The performance below includes the returns from our proprietary asset allocation model. In addition to providing stock investment recommendations, we also provide Premium Access subscribers with a full asset allocation model. Thus, the chart below is a more accurate picture of the total return you would have achieved had you followed the VIIR model portfolio investment recommendations.
A recent article about the underpeformance of Prashant Jain’s HDFC Top 200 fund, India’s largest fund, emphasizes that even market veterans are having trouble navigating the current market environment. I’m highlighting the article to not only emphasize the remarkable performance of the VIIR portfolio but also reflect on the importance of having a long-term time perspective when investing.
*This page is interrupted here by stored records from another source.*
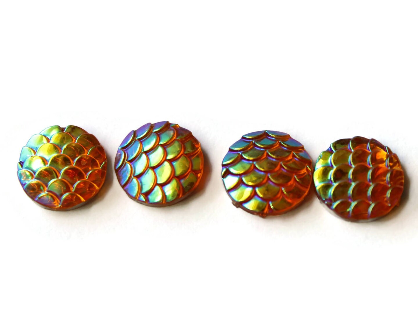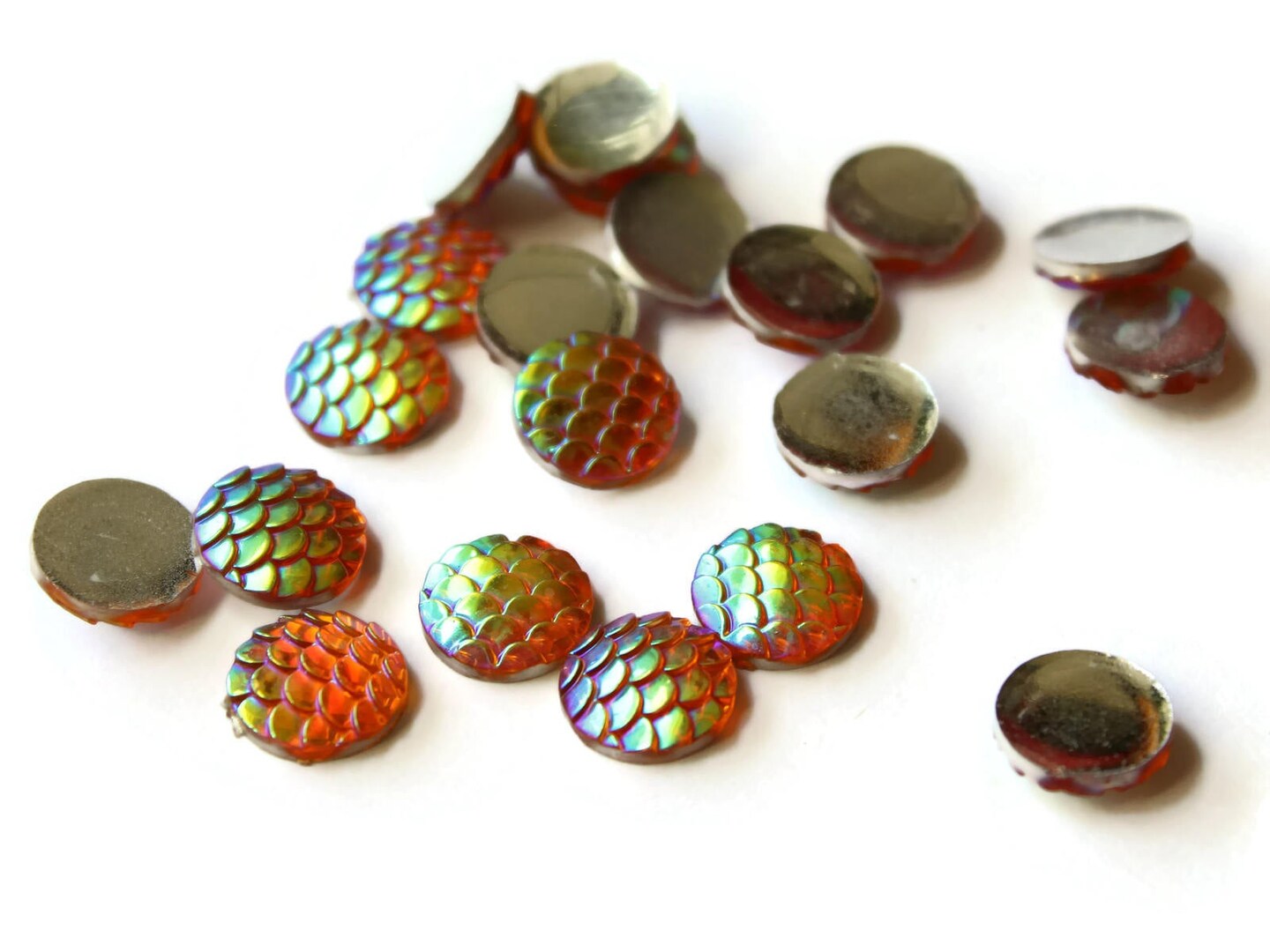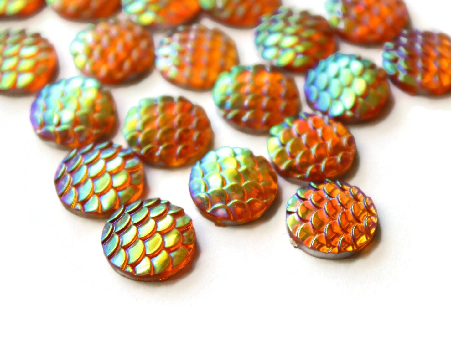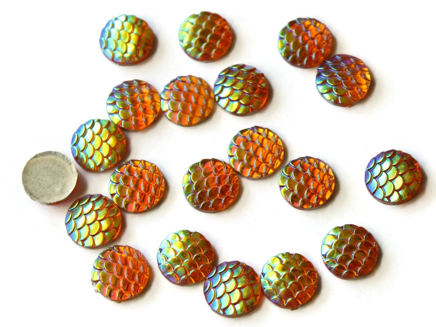 12mm Golden Orange Mermaid Cabochons - Round Resin Cabochons
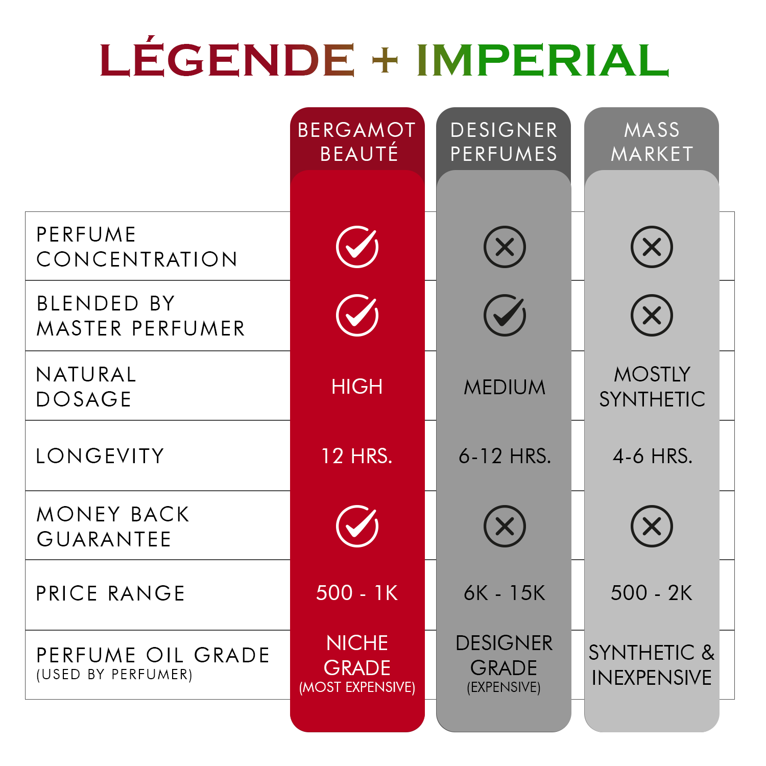 Legende - Cedarwood, floral, woody Imperial - Freesia, Lily of the Valley, Orris, Sambac Jasmine, Voilet, Ylang-Ylang
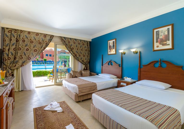 Хотелът разполага с общо 608 стаи, разположени в две 3-етажни сгради - Standard Room (40 м2), Family Room (50 м2), Swim up Room (40 м2), Junior Suite (50 м2), Executite Suite (75 м2), Presidential Suite (120 м2).

Prashant Jain has produced an enviable track record of beating the market year-in and year-out. Despite his track record of beating the market by a wide margin and making his investors wealthy, he’s getting criticized in the press for underperforming in 2013. Fortunately, Mr. Jain remains unfazed by the criticism and is sticking with his investment process. A lesser investment manager would’ve succumbed to the criticism and started chasing stocks in order to make up the performance gap.
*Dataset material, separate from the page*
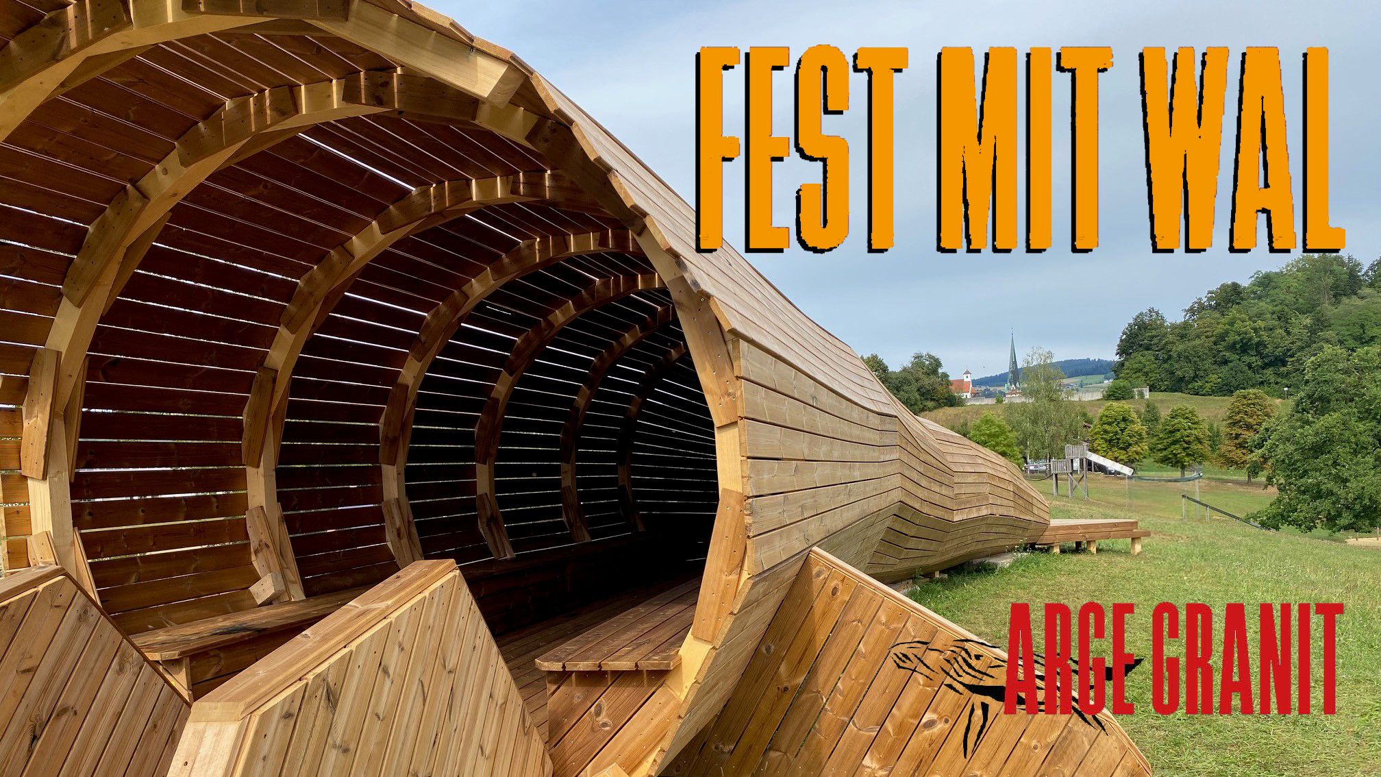 Arge Granit lädt ein zum FEST MIT WAL Die Ottensheimer Interessensgemeinschaft Arge Granit feiert sich nach 40 erfolgreichen Jahren gemeinnütziger Kulturarbeit selbst und macht sich zu diesem Anlass einen "Donauwal" zum Geschenk. In einem kleinen, aber skurrilen Festakt wird die begehbare Holzskuptur von ANDREAS BUTTINGER - CASPAR ihrer Bestimmung zum kulturellen Nutzen durch die Allgemeinheit...

The following quote from David Herro, a US fund manager, emphasizes how taking a long-term time perspective creates investment opportunities:
I would assert the biggest reason quality companies sell at discounts to intrinsic value is time horizon. Without short-term visibility, most investors don’t have the conviction or courage to hold a stock that’s facing some sort of challenge, either internally or externally generated. It seems kind of ridiculous, but what most people in the market miss is that intrinsic value is the sum of all future cash flows discounted back to present. It’s not just the next six months’ earnings or the next year’s earnings. To truly invest for the long-term, you have to be able to withstand underperformance in the short-term, and the fact of the matter is that most people can’t
When I identify a stock for the VIIR portfolio, I’m looking for high quality businesses that will generate significant free cash flow. Equity returns in the long run are driven by cash flow generation, not earnings. By taking a long-term time perspective the VIIR portfolio continues to outperform in the short-term. It’s paradoxical in a way. Those investors who are always focused on beating the market in the short-run always end up underperforming because they are always chasing stock performance. You want to be ahead of the pack not chasing it. If you just switch your investing mindset from a short-term to a long-term focus, you’ll be well on your way to start outperforming the market.